- 2 cups all-purpose flour
- 3 teaspoons sugar
- 1 cup (2 sticks) Challenge Butter, cut into ½-inch cubes
- 1 (8 oz) package Challenge Cream Cheese
- 1 cup pecans or walnuts, finely chopped
- ¼ cup sugar
- ¼ cup brown sugar
- ¾ teaspoon cinnamon
- 1 egg white beaten with 1 Tablespoon water for brushing dough
- 1 Tablespoon sugar, for sprinkling on top of spirals
1If using a food processor combine flour and sugar, add butter and cream cheese and pulse until mixture just comes together. (If using an electric mixer or mixing by hand, have butter and cream butter at room temperature. Cream butter, cream cheese and sugar then cut in flour until just incorporated.)
2Gather mixture into a ball, divide in half, and flatten each portion into a disk. Wrap in plastic wrap and refrigerate for at least 30 minutes.
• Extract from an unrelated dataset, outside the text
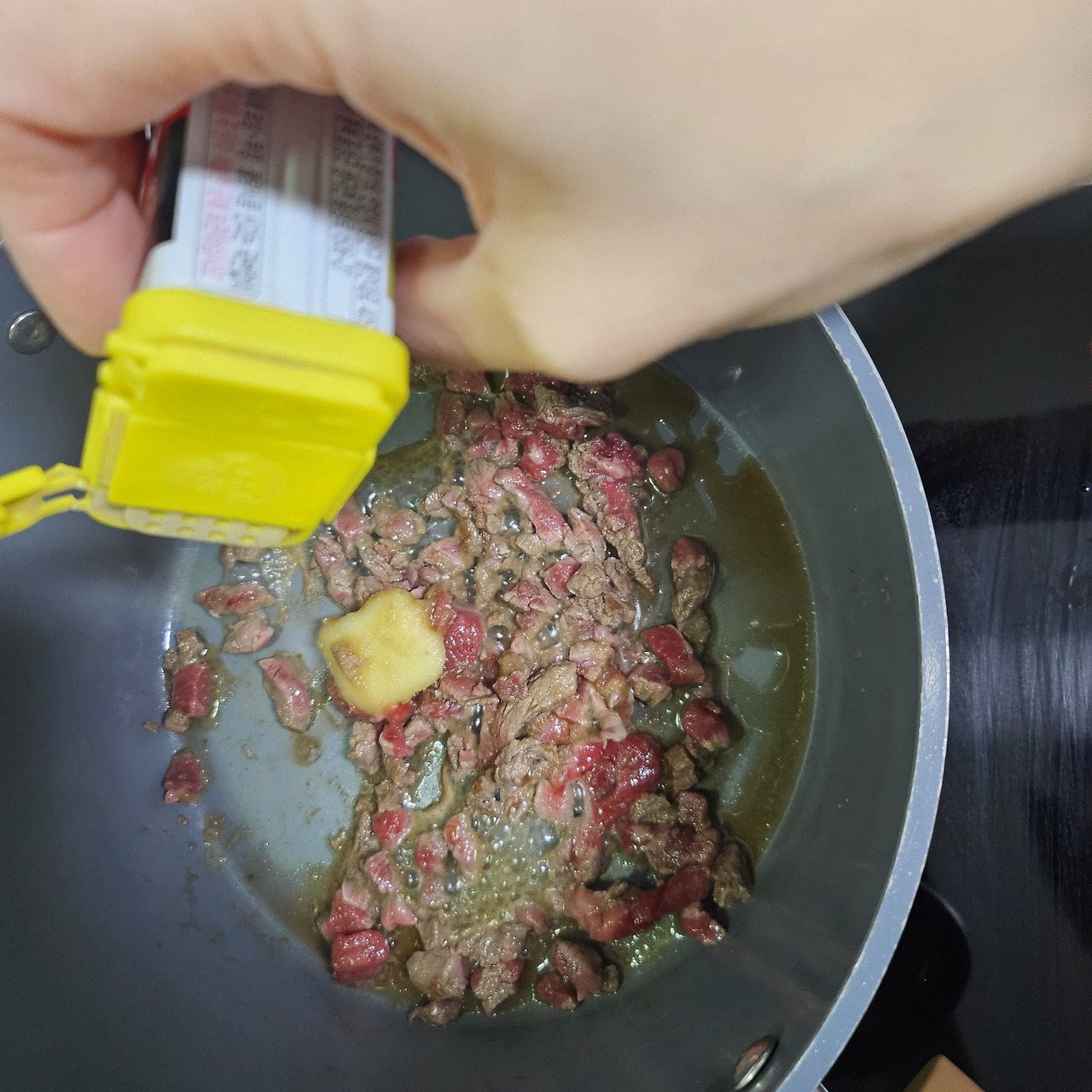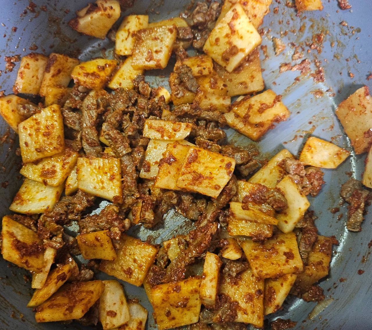 대파는 어슷하게 굵게 썰어두고, 무는 굵게 나박 썰기 한다. 콩나물은 씻어서 준비해 두고, 소고기는 흐르는 물에 핏물을 한 번 헹궈내고 물기를 대충 짜서 달군 냄비에 넣고 고기누린내 방지를 위해 후추 톡톡, 다진 마늘 한 수저 넣고 센 불에서 달달 볶는다.

3Mix together nuts, sugars and cinnamon for the filling and set aside.
4Preheat oven to 350° F. Lightly butter 2 large cookie sheets.
5Working with one disc of dough at a time, roll dough out, on a lightly floured surface, into a circle that is about 11-inches in diameter. Use a dinner plate (10½- inch) as a guide and trim the circle ¼ -inch outside the plate edge.
6Brush the dough with the egg white mixture and sprinkle with half the filling mixture.
7Cut the dough circle into 16 wedges. (Cut into quarters and then cut each quarter into 4 sections.)
8Starting from the outside portion each wedge, roll up each portion to form a spiral.
9Place spirals on prepared cookie sheet. Brush spirals with egg white mixture and sprinkle with sugar.
10Repeat with second dough disk.
11Bake 15-20 minutes or until golden brown.